Data
--- START ---
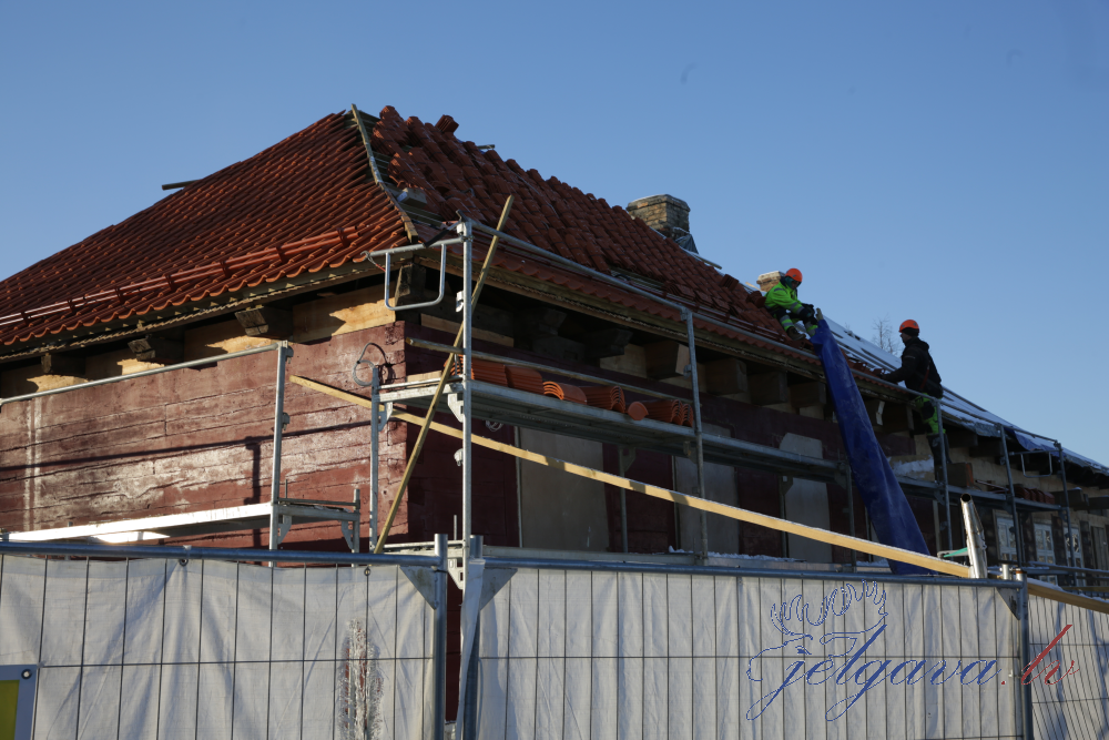 Šonedēļ Vecpilsētas ielas 2 ēkā Jelgavā notiek māla dakstiņu jumta klāšana. Atjaunotajai ēkai jau ir ielikti logi, turpinās iekšējo komunikāciju izbūve un tuvākajā laikā tiks uzsākti iekštelpu apdares darbi.
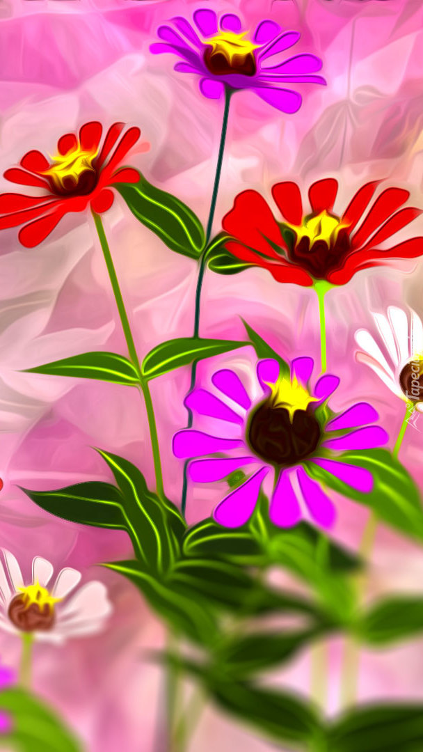 Edytor tapety: Różnokolorowe kwiaty w grafice
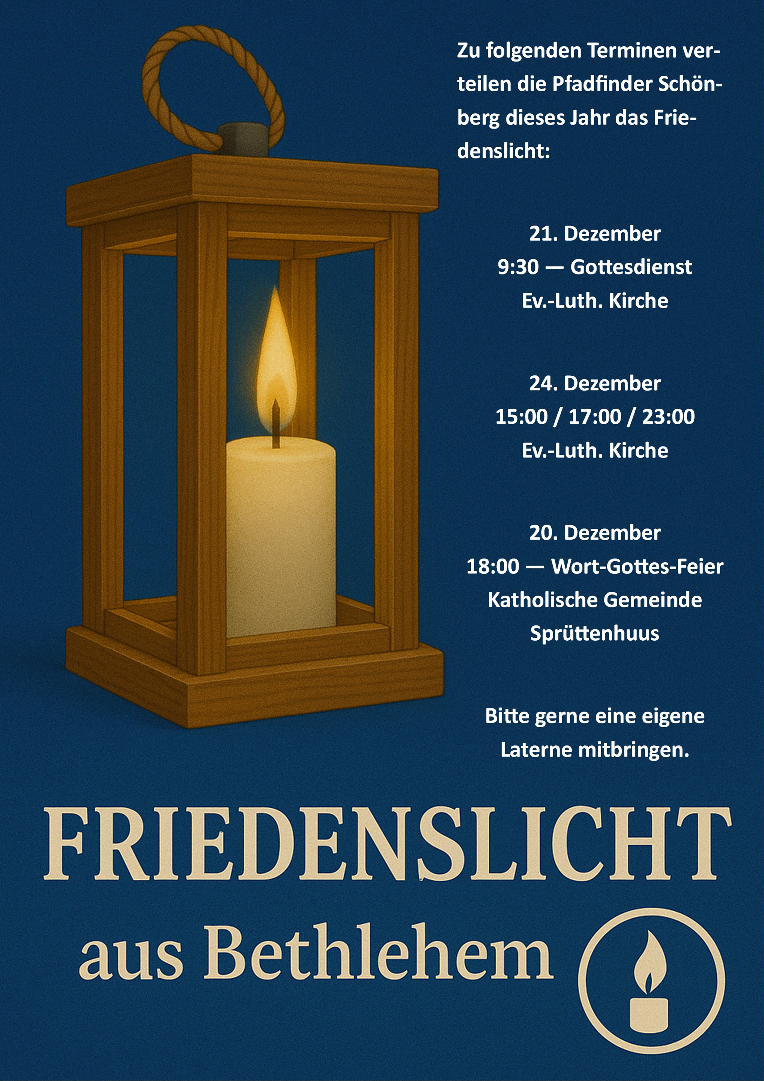 21. Dezember um 9:30 in der Ev.-Luth. Kirche Schönberg mit der Verteilung des Friedenslichts.
--- END ---
What the task requires
Return the complete material exactly as given, excluding images.

Result of this task
 Šonedēļ Vecpilsētas ielas 2 ēkā Jelgavā notiek māla dakstiņu jumta klāšana. Atjaunotajai ēkai jau ir ielikti logi, turpinās iekšējo komunikāciju izbūve un tuvākajā laikā tiks uzsākti iekštelpu apdares darbi.
 Edytor tapety: Różnokolorowe kwiaty w grafice
 21. Dezember um 9:30 in der Ev.-Luth. Kirche Schönberg mit der Verteilung des Friedenslichts.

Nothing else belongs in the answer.